Stress

I’ve operated under a number of fallacies up until now.  That I’m above my circumstances.  That most everything can be attributed to being a mental block.  That I’ve moved past pettiness and hangups.  That I can just will myself to work through the discomfort and the pain.

The truth is that those fallacies did little more than obscure the reality of the situation: that I don’t cut myself enough slack, I expect way too much out of myself, and that my stress boils-over too easily.

This is how most high-performance individuals describe how they feel when they’re deep in the proverbial locust-swarm of burnout.

I’ve done a really piss-poor job of regulating myself and pushing back when I need to.  I’ve expended a lot of cognitive and emotional energy on trying to look good and be visible to the right people, but for a lot of the wrong reasons.

I’m going to be completely honest: I feel stuck.  Stuck in my job, stuck in my relationships, and stuck in my progression.  Progress toward what is a whole different topic, so I’ll save that one for later.

What’s hurting me the worst at the moment is progression in my chosen job.  I’ll be completely blunt: I am proficient at what I do, but I’ve never been promoted and I’m afraid I never will be.  It feels like a job more than a career.  It pays the bills and lets me have fun, but for me, that’s not enough.

I don’t wake up excited to go to work.  I generally like the people I work with, but there are definitely personality differences that cause friction (most of it my fault).  I take criticism and poor work outcomes very personally rather than allowing it to be what it is: circumstantial and ephemeral.  I react this way because I’ve wanted to be what a lot of people in my early life weren’t: invested.

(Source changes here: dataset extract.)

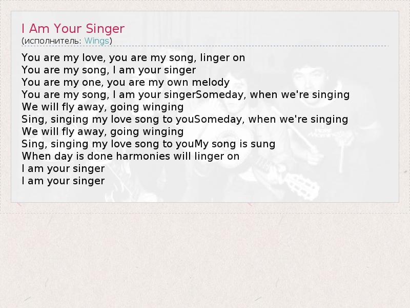 А как ты думаешь, о чем песня "I Am Your Singer" ?
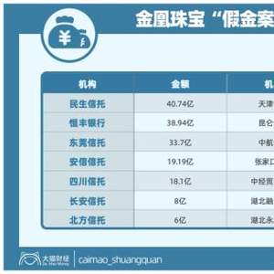 汇总一下发现,金凰珠宝以及贾志宏用黄金做抵押贷款了200亿,目前还有160亿没到期,对应抵押83.03吨黄金,11家金融机构中招,三个受伤大户,民生信托、恒丰银行、东莞信托,踩雷资金都在30亿以上。

A lot of the people I interacted with in my early life portrayed a lot of what they were doing as unimportant or not impactful.  It made my experiences with them very difficult to understand because I would see media and images of other people who were so completely and utterly invested in what they believed and what they were doing that I started telling myself that I had to find what I could be passionate about.  That money and prestige didn’t matter, only the mission.  I was looking for a mission for myself.

What I couldn’t have known then, and I’m still wrestling with to this day, is the fact that there were (and still are) a myriad of personal obstacles to figuring out just what my mission is.

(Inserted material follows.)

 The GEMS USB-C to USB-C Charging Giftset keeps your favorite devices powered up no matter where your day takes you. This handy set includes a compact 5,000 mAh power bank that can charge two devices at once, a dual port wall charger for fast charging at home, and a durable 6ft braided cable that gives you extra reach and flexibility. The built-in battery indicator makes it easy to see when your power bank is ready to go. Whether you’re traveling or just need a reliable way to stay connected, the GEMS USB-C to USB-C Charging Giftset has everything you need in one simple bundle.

To the current point about burnout specifically, I heavily invested emotionally and physically into the things I was most passionate about that were accessible to me at the current time: climbing, snowboarding, and system administration.  I thought at the time that if I made those my missions and worked at them without distraction and with as much passion as I could muster, that I would discover that one or all of these things amounted to my mission in life.

The plan, as it turns out, backfired in spectacular fashion.

I became so invested in outcomes at work and emotionally attached to, and in some cases dependent on, coworkers and outcomes that I became bitter and belligerent when things didn’t work out or went wrong.

I became so invested in the continuing progression of my abilities at climbing and snowboarding, that disillusionment and disappointment became the norm when I couldn’t perform.

In short: I set myself up for failure by overly-investing and expecting too much.  I expended an ever-increasing amount of emotional and physical energy for diminishing returns.  I failed to obey the maxim “work smart not hard”.  In so doing, I arrived where I am now: in near-complete burnout.

I’m disillusioned with my job prospects, and I’m trying my hardest not to let that bleed-over into things that I try to do to give myself happiness.  It’s difficult to do when you’re also battling depression and trying to find medication that works to help mitigate some of the symptoms.

I guess what I’m trying to say at this point is this: I haven’t done a good job at taking care of myself, setting healthy boundaries, and these have caused me to be a bastard to a lot of people.  I’m trying really hard.  I just need help and a gentle reminder sometimes.